Stok Minyak AS Luber, Harga Minyak Melorot 2% Lebih

Jakarta, CNBC Indonesia - Harga minyak mentah ambles lagi pada perdagangan pagi waktu Asia hari ini usai tembus US$ 40/barel. Meski ada tanda ekonomi Amerika Serikat (AS) mulai bangkit, tetapi permintaan minyak yang masih rendah jadi faktor penghambat naiknya harga minyak.
Rabu (17/6/2020) harga minyak mentah untuk kontrak yang ramai ditransaksikan melorot lebih dari 1%. Pada 08.35 WIB, harga minyak berjangka Brent turun 1,64% ke US$ 40,3/barel. Di saat yang sama, harga minyak mentah berjangka acuan AS yakni West Texas Intermediate (WTI) turun lebih dalam sebesar 2,08% ke US$ 37,58/barel.
Semalam data penjualan ritel AS bulan Mei cukup mengejutkan pelaku pasar. Penjualan ritel di AS tercatat tumbuh 17,7% dari bulan April. Angka ini jauh lebih tinggi dari perkiraan yang hanya memprediksi naik 7,7% saja.
Kabar gembira ini direspons positif oleh pelaku pasar. Tak hanya bursa saham saja yang menguat, harga minyak mentah juga melesat hingga 3% kemarin. Kenaikan harga minyak yang tinggi mampu membuat harga emas hitam (Brent) berhasil ke level US$ 40/barel lagi.

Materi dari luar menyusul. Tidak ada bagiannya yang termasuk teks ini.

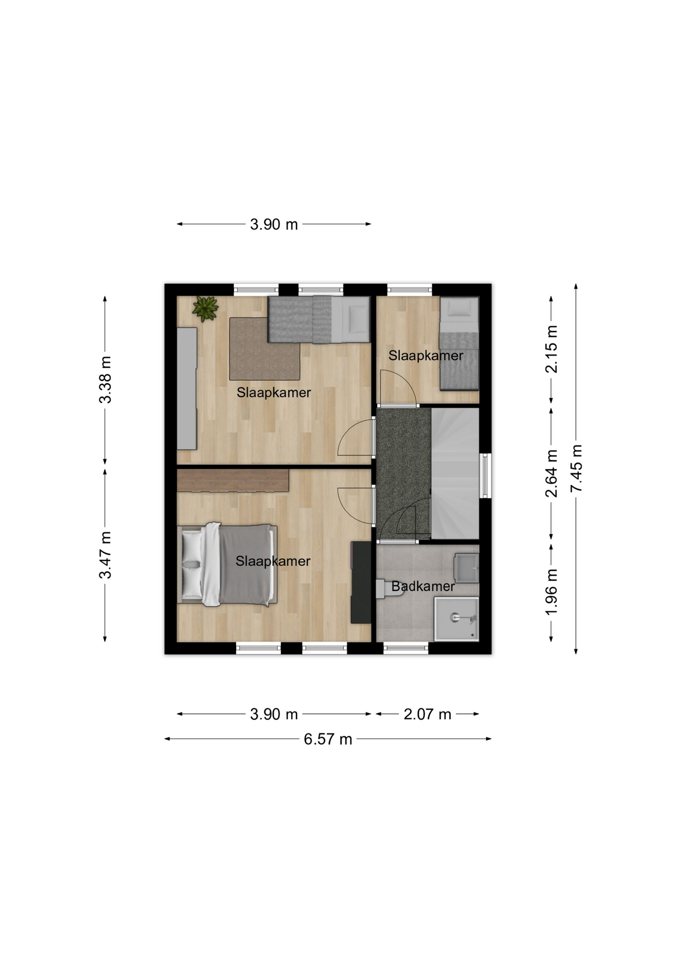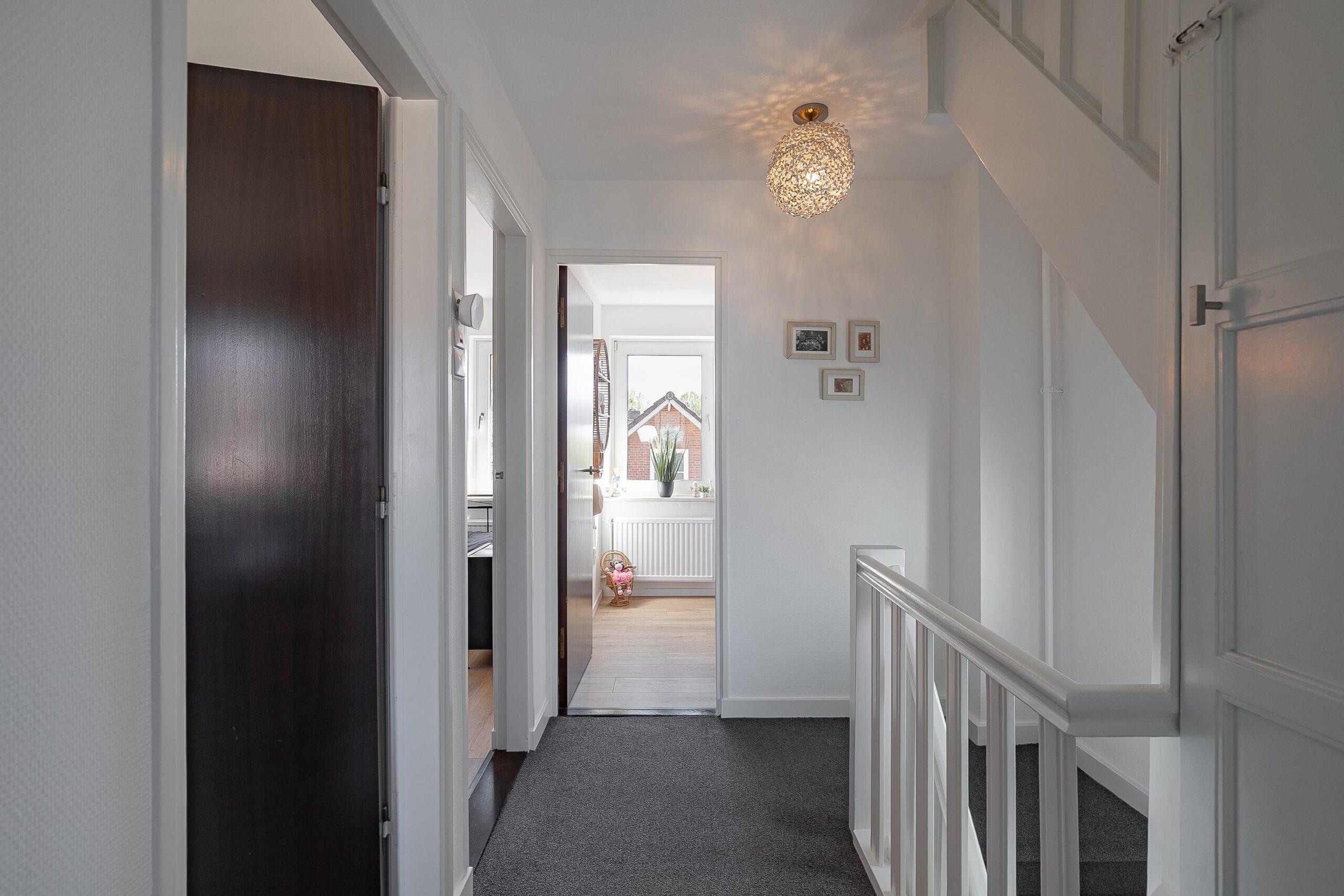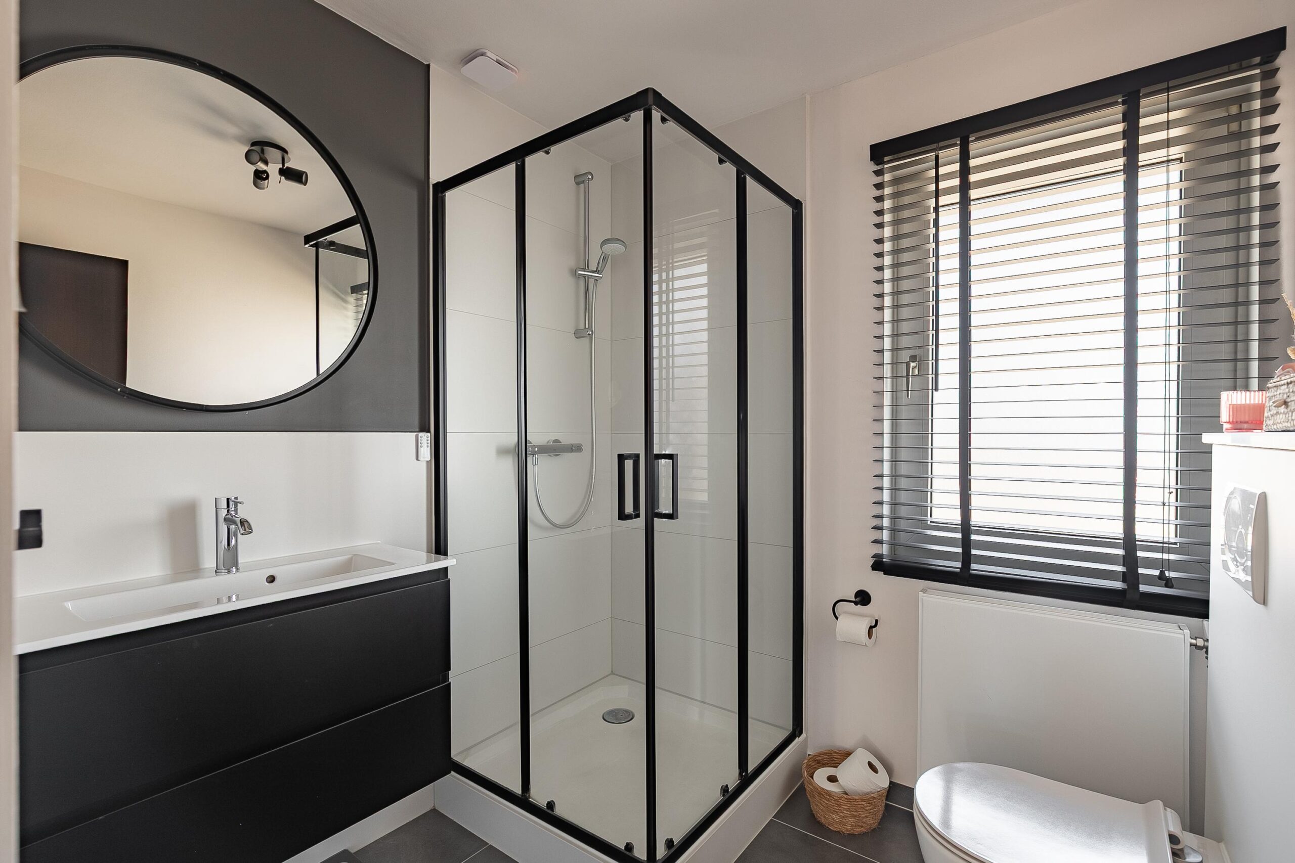 Overloop met toegang naar drie slaapkamers die prima zijn afgewerkt met een laminaatvloer. De moderne badkamer is voorzien van een douchecabine met glazen wanden, wastafel met meubel en zwevend toilet.

Namun di tengah euforia yang terjadi, terselip kabar kurang mengenakkan yang juga datang dari AS. Asosiasi industri minyak Negeri Adidaya (API) melaporkan stok minyak mentah AS mengalami kenaikan sebesar 3,9 juta barel, jauh lebih tinggi dari estimasi analis yang memperkirakan turun 152 ribu barel.
Pelaku pasar kini menanti rilis data resmi dari pemerintah (EIA) yang dijadwalkan Rabu malam ini.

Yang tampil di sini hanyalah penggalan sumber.